According to current industry information, Apple is expected to use TSMC's 2nm N2 and N2P processes this year and 2027 respectively, and then make A22 Pro the first SoC product based on the 1.4nm process in 2028. The cost of TSMC's next-generation sub-2nm process is expected to be as high as approximately US$45,000 per wafer, which means that Apple will pay much higher manufacturing costs than before and become an "ultra-early" adopter of this new process line. However, unlike a few years ago, where performance advantages were mainly obtained through process leadership, Apple's motivations for accelerating its move to 1.4nm have changed significantly.

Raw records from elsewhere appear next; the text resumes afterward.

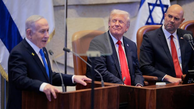 Netanyahu spent a large portion of his address praising Trump, even saying he should be awarded Israel’s top prize as he didn’t get the Nobel Peace Prize.
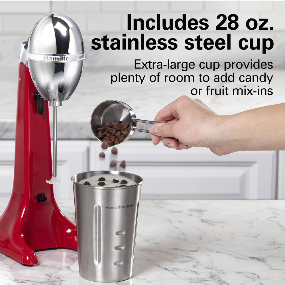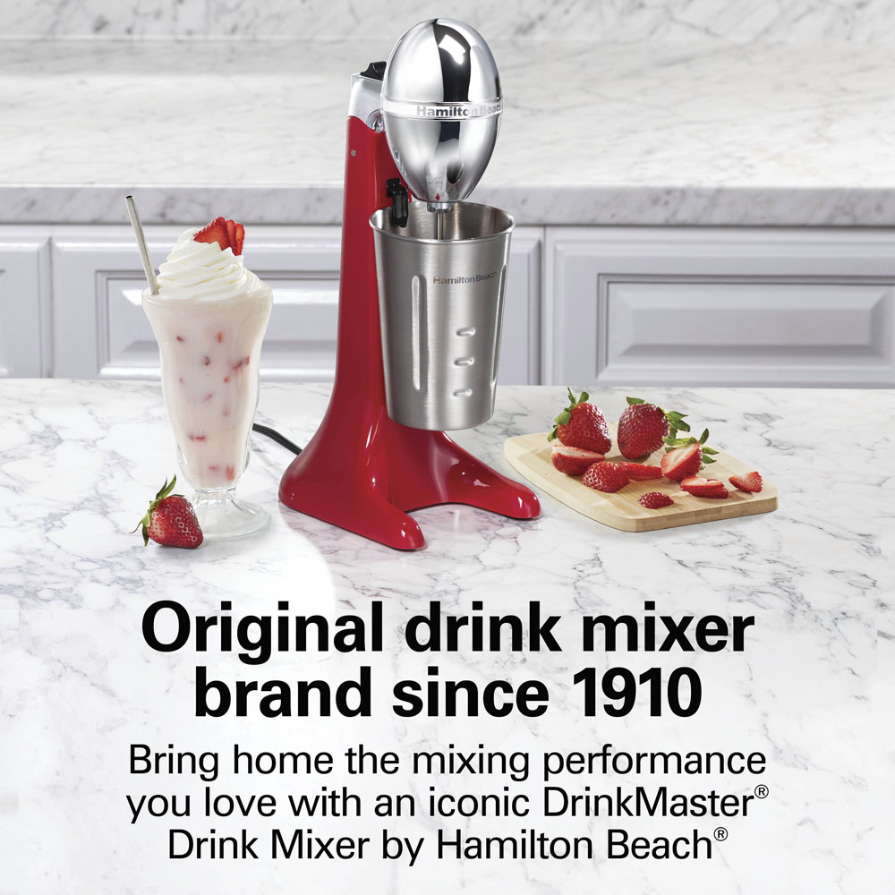 Bring more fun into your kitchen with the Hamilton Beach® DrinkMaster® Drink Mixer. It lets you treat your family and friends to restaurant-quality shakes, cold treats, coffee drinks, protein drinks and more. In addition to creating a wide variety of tasty drinks, the DrinkMaster Drink Mixer is also perfect for making homemade dressings, beating eggs for omelets and mixing fluffy batters.
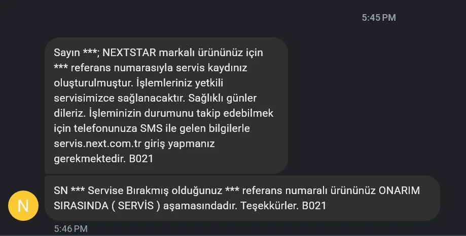 Aslında servis kayıtlarının açıldığı kapatıldığı ve resimlerinin yüklendiği bir yer var servis.next.com.tr @Zalımo ilk kurulum için kayıt açtırdığın da sms ile iletilen id ve şifreyi girerek servisin hangi işlemi uyguladığını görebiliriz aslında.
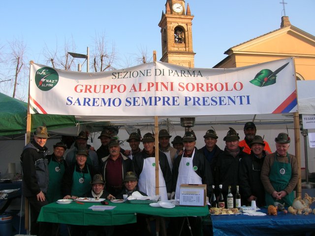 Il Gruppo Alpini di Sorbolo ha partecipato all'iniziativa insieme al Gruppo Alpini di Folgaria con uno stand per la preparazione del vin brulè, polenta e distribuzione di dolci a sorpresa (torte, ecc.) e bevande (caffè, vino, grappe, ecc.).

In the field of mobile chip design, Apple has established extremely solid technological and architectural advantages, and there is no urgent "technological catch-up" pressure on Qualcomm, MediaTek and Samsung. For example, the A19 and A19 Pro are about 10% smaller in area than the previous generation A18 and A18 Pro, while continuing to improve performance and energy efficiency, allowing more chips to be cut on the same wafer and diluting the unit cost. What’s more noteworthy is that the A20 Pro package size is reportedly almost the same as the A19 Pro, but it integrates a larger NPU internally, while some competitors are still “stacking” to show their lead by continuously enlarging the package. These design-level advantages prevent Apple from blindly embracing more advanced processes in terms of architecture and micro-design to compete for performance headlines.

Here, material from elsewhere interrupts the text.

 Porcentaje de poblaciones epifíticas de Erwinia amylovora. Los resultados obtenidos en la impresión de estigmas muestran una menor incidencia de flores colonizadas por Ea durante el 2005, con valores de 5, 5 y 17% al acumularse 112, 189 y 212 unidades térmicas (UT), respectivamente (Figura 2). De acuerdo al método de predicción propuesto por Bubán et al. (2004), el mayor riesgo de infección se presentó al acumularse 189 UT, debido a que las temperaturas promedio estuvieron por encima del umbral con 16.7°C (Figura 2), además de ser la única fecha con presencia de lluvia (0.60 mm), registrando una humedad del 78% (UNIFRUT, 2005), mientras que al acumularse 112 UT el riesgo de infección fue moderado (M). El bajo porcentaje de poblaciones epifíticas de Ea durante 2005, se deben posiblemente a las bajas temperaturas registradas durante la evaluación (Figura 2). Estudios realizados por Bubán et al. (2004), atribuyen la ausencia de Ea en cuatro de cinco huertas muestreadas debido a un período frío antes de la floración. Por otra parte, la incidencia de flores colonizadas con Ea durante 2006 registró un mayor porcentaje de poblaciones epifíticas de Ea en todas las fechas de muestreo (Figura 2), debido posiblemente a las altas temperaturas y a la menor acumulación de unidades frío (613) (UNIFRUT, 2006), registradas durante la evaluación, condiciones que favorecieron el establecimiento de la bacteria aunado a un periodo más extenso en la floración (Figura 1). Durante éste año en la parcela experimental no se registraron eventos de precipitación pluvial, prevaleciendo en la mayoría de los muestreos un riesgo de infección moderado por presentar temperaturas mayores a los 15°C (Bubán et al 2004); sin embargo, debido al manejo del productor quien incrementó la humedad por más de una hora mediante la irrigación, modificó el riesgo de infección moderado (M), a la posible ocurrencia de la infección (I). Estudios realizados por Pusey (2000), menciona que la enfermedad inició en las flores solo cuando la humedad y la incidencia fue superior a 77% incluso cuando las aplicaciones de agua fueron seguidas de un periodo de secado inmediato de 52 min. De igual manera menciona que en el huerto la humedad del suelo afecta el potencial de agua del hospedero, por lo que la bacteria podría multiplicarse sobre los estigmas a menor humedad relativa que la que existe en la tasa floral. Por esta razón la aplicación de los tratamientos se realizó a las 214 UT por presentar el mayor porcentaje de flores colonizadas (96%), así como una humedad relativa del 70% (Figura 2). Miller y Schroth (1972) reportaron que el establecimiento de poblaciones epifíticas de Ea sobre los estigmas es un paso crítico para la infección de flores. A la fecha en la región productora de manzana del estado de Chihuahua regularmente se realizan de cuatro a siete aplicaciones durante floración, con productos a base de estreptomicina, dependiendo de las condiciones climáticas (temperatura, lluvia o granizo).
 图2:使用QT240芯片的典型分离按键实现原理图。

For Apple, the real pressure comes from the "avalanche effect" at the production capacity level. In 2025, Apple iPhone shipments will exceed 240 million units, and the overall shipment scale continues to rise. However, AI companies’ hunger for computing power far exceeds that of the smartphone industry. Once the main chips of these companies are fully migrated from 3nm to 2nm, the supply shortage of 2nm production lines will inevitably repeat the situation of today’s 3nm. Under this situation, if Apple continues to rely heavily on 2nm chips, it will face serious supply risks and delivery uncertainties, which will affect the pace and revenue performance of its flagship iPhone.

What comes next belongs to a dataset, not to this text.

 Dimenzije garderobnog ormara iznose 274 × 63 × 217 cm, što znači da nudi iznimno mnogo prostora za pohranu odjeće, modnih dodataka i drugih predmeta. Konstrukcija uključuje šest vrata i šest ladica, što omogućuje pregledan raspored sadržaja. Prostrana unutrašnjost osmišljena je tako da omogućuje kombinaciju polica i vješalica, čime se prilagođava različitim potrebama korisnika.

Therefore, Apple is striving to lock in as much production capacity as possible in the early stages of mass production of the 1.4nm process through more radical route planning, viewing the 1.4nm node as a key "safe harbor" to avoid future supply crises. Although the transition to the 1.4nm node will undoubtedly significantly increase manufacturing costs, with the support of Apple's huge revenue scale and high-end product profit margins, this expensive choice will not fundamentally erode the company's overall profitability. On the contrary, if Apple can take the lead in "eating" most of the smartphone-related quotas at the beginning of the opening of 1.4nm production capacity, mobile chip manufacturers such as Qualcomm and MediaTek will only be able to compete for limited remaining production capacity after Apple at this node in the future.

From a broader semiconductor industry perspective, TSMC has not opened a "special channel" for any single customer, and all capacity allocation needs to be weighed between multiple business lines such as AI, high-performance computing and mobile terminals. With AI chips becoming the "number one customer" of advanced processes, traditional mobile terminal manufacturers can only avoid risks by locking in next-generation processes in advance if they want to avoid being squeezed out of production capacity by computing power demands. For Apple, accelerating the shift from 2nm to 1.4nm is no longer just a choice of technology route, but a strategic game to ensure supply security, maintain the pace of flagship products, and stabilize revenue performance.